Здравствуйте, меня зовут Александр Гаврилин, временно не работающий. Куда же вы, девушка? Я ведь хороший.
Гаврилин взглянул на часы и заторопился. Пообедать он уже не успеет. И хорошо, и ладно. Продукты целее будут. Если продукты не есть, их может хватить на очень длительный срок.
Если выпрут с работы, буду писать книги полезных советов. Как прожить не работая. Или еще лучше, как прожить, не работая головой. Бестселлер будет, страшные деньги заработаю. Безумные.
Гаврилин оглядел квартиру – свет, газ, вода. Так, на всякий случай. Если вдруг разговор с Артемом Олеговичем затянется или плавно перерастет в задание или командировку. Лучше заграничную.
Света на лестничной клетке не было, в лифте, считай, тоже. Третья кнопка снизу, автоматически подсказал себе Гаврилин и нажал.
На первом этаже света тоже не было, только несколько красных огоньков и разговор, скорее матерный, чем тихий, предупреждали, что у Дрюниной компании здесь перекур.
Гаврилин попытался пройти аккуратно, но наступил на что-то мягкое.
– Твою мать, – внятно сказал кто-то в темноте.
– Извините, – ответил Гаврилин.
– Может, фонарь ему повесить? – спросил другой голос.
– Не надо, – подал голос Дрюня, – это мой сосед.
– Аккуратней ходить надо, сосед.
– Еще раз извините. – Гаврилин толкнул дверь подъезда и вышел на крыльцо.
Хорошо. Хорошо иметь знакомства в нужных местах. А то бы пришел в кабинет начальства с фонарем под глазом. Если бы вообще пришел. Драться он умел, только вот подобные компании не дерутся, они калечат или убивают. Это их национальный обычай. Спасибо, хоть скальпы не собирают.
Гаврилин вышел к троллейбусной остановке. Вперед, теперь нас ждут великие дела и озабоченное начальство. Троллейбус подошел неожиданно быстро, и народу в нем было неожиданно мало. Хорошая примета.
Или наоборот, он рискует слишком быстро выбрать свою долю удачи на сегодняшний вечер.
Палач
Странно, подумал Палач, все живы. У Беса, правда, нос припух, и глаза он отводит от прямого взгляда. Он всегда глаза прячет, но сегодня особенно.
Зато Жук как всегда спокоен и неразговорчив.
– Отдохнули? – спросил Палач.
– Отдохнули, – коротко ответил Бес, а Жук молча кивнул.
Палач осмотрел комнату. Точно, что-то произошло. Похоже, что Жук выполнил свою угрозу, и Бесу досталось. И видимо хорошо досталось. А ведь он ясно сказал, руки не распускать.
Пауки в банке. Никто из них не вызывал в нем жалости, так что припухшая физиономия Беса особых эмоций у Палача не вызвала. Он прикинул, стоит ли прямо сейчас объяснить Жуку, что за нарушением приказа обычно следует наказание.

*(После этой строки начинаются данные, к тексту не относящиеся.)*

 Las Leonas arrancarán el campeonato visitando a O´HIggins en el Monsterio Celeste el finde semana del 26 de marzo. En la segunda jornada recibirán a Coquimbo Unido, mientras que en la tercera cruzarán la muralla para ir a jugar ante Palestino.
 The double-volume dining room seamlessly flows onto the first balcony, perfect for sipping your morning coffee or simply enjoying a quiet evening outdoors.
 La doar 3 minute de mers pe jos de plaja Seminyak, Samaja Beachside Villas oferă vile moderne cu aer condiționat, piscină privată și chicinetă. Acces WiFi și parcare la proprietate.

Не стоит. Они сейчас нужны ему оба. Есть для инструментов работа, как раз по их части.
Палач прошел в комнату и сел в кресло, не снимая плаща и не вынимая рук из карманов. Жук сел на диван, а Бес, мельком глянув на Жука, остался стоять, прислонившись к дверному косяку. Вот значит как, подумал Палач, перехватив этот взгляд.
Жук, по всей видимости, занимался установлением иерархии и успешно. Интересно, подумал Палач, меня он включил в табель о рангах? И на какую позицию? С этим можно разобраться и позже.

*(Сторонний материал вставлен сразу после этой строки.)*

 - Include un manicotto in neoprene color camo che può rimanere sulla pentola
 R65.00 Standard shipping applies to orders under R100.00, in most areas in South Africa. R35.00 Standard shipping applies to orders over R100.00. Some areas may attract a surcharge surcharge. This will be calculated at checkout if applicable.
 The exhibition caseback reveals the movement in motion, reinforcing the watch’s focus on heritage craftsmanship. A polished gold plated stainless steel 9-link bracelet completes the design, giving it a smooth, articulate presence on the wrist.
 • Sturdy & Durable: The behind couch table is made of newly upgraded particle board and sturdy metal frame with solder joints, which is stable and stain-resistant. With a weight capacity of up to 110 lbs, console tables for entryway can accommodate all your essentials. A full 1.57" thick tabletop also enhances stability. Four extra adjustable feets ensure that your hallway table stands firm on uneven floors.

– Бес, у тебя собака в детстве была? – не поворачивая головы к двери спросил, Палач.
– Что? – не понял Бес.
– Собака в детстве была?
– Нет.
Опять коротко ответил, подумал Палач, еще утром наверняка минут десять рассказывал бы, что не было у него собаки, и почему не было, и так далее. Ай да Жук.
– А у тебя, Жук?
– Во дворе, на цепи.
– Любил ее?
– Собаку?.. – переспросил так, будто ответил.
Тут он даже в чем-то сходен с Палачом. Ни кого не любит. Какая уж тут собака…
Палач вынул из внутреннего кармана плаща сложенный вдвое лист бумаги, протянул перед собой, даже не пытаясь встать. Жук приподнялся с дивана напротив и потянул листок из пальцев Палача.
– Здесь адрес. Выучить при мне, листок я заберу.
Жук развернул листок и медленно прочитал текст, бесшумно шевеля губами. Еще раз. Потом прикрыл глаза и снова пошевелил губами, сверился с листочком и удовлетворенно кивнул.
С памятью у него все в порядке, хоть и производит он впечатление человека ограниченного. У него хватало изощренности на все подвиги, да так, что никому и в голову не приходило, что за всем этим стоит грубый и неотесанный Жук. И ему хватит соображения понять, что Бес что-то задумал. Пока еще рано. Нужно будет что-то предпринять.
Жук небрежно ткнул бумагу Бесу и выпустил ее из рук еще до того, как тот успел подхватить. Бесу пришлось наклониться, чтобы поднять бумагу.
– Запомнил? – спросил Палач у Жука.
– Да.
– Где это, знаешь?
– Знаю.
– Сколько отсюда добираться?
– Если на машине…
– На городском транспорте.
– Час – полтора, как повезет.
– Сейчас уже пять. Вам нужно быть на месте не позднее семи.
– Понял.
Бес кашлянул, и Палач перевел на него взгляд:
– Выучил?
– Выучил.
– Когда-нибудь из пистолета стрелял?
– Нет, – взгляд искоса в сторону Жука.
– Сегодня постреляешь. Будете выходить из подъезда, за батареей у самого входа – пакет. В пакете – пистолет. Патрон в стволе, нужно просто снять с предохранителя и можно стрелять. Восемь патронов, отдача сильная, постарайся стрелять, как можно ближе к цели.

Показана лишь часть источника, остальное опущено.